= BRIEF =
Your output should be the exact lines from the start of the data through the line containing "C焼く 成形した月餅を鉄板の上にのせ、220℃程に加熱した登窯のパン窯で約40分加熱すれば完成。 |", with no pictures.

= DATA PROVIDED =
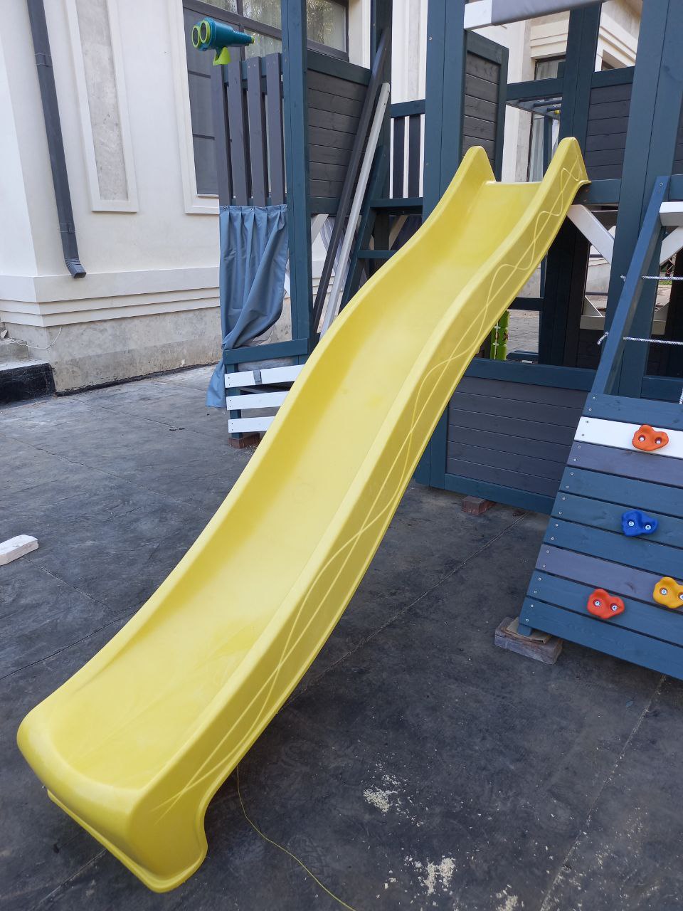 - Горка усилена рёбрами жёсткости и может быть подключена к воде для летнего мини-аквапарка. Подвесное кресло обеспечивает удобство и безопасность.
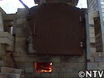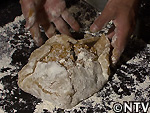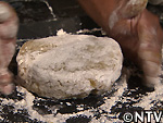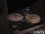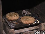 | C焼く 成形した月餅を鉄板の上にのせ、220℃程に加熱した登窯のパン窯で約40分加熱すれば完成。 |
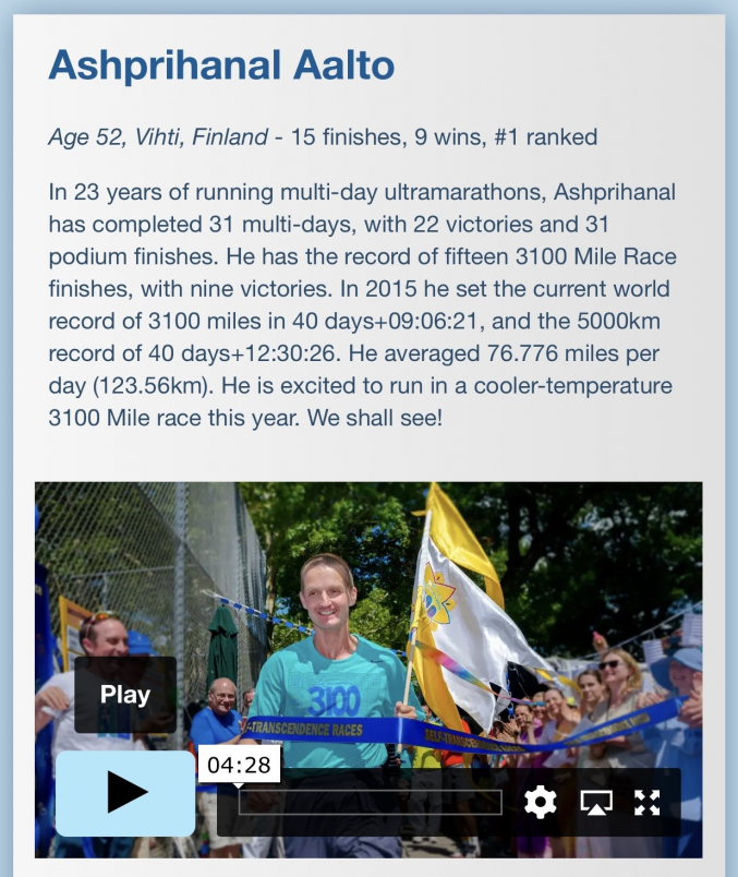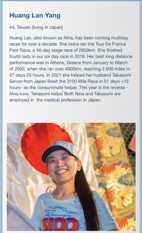 Theo Lo Wei-ming, trong số 14 VĐV tham dự năm nay, runner mạnh nhất là Ashprihanal Aalto của Phần Lan, người từng có đến 15 lần kinh nghiệm hoàn thành giải đua, trong đó có đến 9 lần giành danh hiệu vô địch. Thông số 40 ngày 9 giờ 06 phút 21 giây của Aalto hiện vẫn chưa có đối thủ.

= EXPECTED ANSWER =
 - Горка усилена рёбрами жёсткости и может быть подключена к воде для летнего мини-аквапарка. Подвесное кресло обеспечивает удобство и безопасность.
 | C焼く 成形した月餅を鉄板の上にのせ、220℃程に加熱した登窯のパン窯で約40分加熱すれば完成。 |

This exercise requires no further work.